This function summarizes the missing data in a methyl_surro object. It identifies probes with partial missing data (missing observations) and probes missing from all samples (missing probes), along with comprehensive summary statistics.
Value
A list of class methyl_miss with the following elements:
- missing_obs
A named numeric vector with the proportion of missing observations for each probe where this value is greater than 0 but less than 1.
- missing_probes
A character vector of probes that are missing in all samples.
- summary
A list containing summary statistics about the missing data patterns.
The summary component contains:
- total_probes
Total number of probes in the methylation matrix.
- total_samples
Total number of samples in the methylation matrix.
- n_complete_probes
Number of probes with no missing values.
- n_missing_obs
Number of probes with partial missing data.
- n_missing_probes
Number of completely missing probes.
- overall_missing_rate
Proportion of all matrix values that are missing.
- missing_obs_rate
Proportion of probes that have partial missing data.
- missing_probes_rate
Proportion of probes that are completely missing.
- complete_probes_rate
Proportion of probes that are complete.
Examples
# Load Methylation Beta Matrix
data(beta_matrix_miss, package = "MethylSurroGetR")
# Load Weights Data Frame and create vector
data(wts_df, package = "MethylSurroGetR")
wts_vec_lin <- setNames(wts_df$wt_lin, rownames(wts_df))
# Build the methyl_surro Object
surrogate <- surro_set(methyl = beta_matrix_miss,
weights = wts_vec_lin,
intercept = "Intercept")
#> Added 5 missing probes with NA values (50.0% of weight probes missing from methylation data).
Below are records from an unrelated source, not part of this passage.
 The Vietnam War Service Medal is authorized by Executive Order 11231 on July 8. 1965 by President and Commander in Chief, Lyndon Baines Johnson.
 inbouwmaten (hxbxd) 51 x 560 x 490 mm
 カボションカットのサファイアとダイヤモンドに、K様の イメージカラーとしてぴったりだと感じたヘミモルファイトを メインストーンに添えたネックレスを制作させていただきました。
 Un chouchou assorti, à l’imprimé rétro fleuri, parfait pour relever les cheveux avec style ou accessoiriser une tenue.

#> Filtered methylation matrix from 15 to 10 probes to match weights.
# Summarizing Missing Values
missing_summary <- methyl_miss(methyl_surro = surrogate)
print(missing_summary)
#> Missing Data Summary for methyl_surro Object
#> ============================================
#>
#> Total probes: 10
#> Total samples: 5
#> Complete probes: 3 (30.0%)
#> Probes with missing observations: 2 (20.0%)
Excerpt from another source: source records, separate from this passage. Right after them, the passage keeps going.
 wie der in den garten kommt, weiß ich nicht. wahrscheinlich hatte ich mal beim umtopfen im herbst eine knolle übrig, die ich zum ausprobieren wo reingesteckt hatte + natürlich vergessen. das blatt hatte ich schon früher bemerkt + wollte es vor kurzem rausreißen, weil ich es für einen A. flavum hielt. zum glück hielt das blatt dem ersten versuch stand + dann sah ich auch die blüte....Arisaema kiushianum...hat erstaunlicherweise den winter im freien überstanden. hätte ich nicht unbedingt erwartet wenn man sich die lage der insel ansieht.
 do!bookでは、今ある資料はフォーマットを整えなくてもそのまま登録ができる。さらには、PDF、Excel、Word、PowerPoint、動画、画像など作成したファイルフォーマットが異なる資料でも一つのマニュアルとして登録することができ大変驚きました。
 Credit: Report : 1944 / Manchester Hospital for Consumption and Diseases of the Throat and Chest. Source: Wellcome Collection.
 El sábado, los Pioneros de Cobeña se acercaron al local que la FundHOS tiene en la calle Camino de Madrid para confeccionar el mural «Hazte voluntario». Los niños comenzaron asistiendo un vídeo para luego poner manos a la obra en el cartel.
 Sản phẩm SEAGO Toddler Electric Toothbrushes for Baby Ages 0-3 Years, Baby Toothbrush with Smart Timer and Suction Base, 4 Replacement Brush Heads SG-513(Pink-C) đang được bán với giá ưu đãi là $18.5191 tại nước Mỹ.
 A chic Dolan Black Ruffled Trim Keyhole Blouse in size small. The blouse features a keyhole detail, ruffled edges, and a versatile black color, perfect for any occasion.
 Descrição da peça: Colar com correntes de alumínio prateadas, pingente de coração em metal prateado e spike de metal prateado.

#> Completely missing probes: 5 (50.0%)
#> Overall missing rate: 58.0%
#>
#> Probes with partial missing data:
#> cg02 cg07
#> 0.6 0.2
#>
#> Completely missing probes:
#> cg03, cg06, cg11, cg15, cg18
# Access specific components
missing_summary$missing_obs
#> cg02 cg07
#> 0.6 0.2
missing_summary$summary$overall_missing_rate
#> [1] 0.58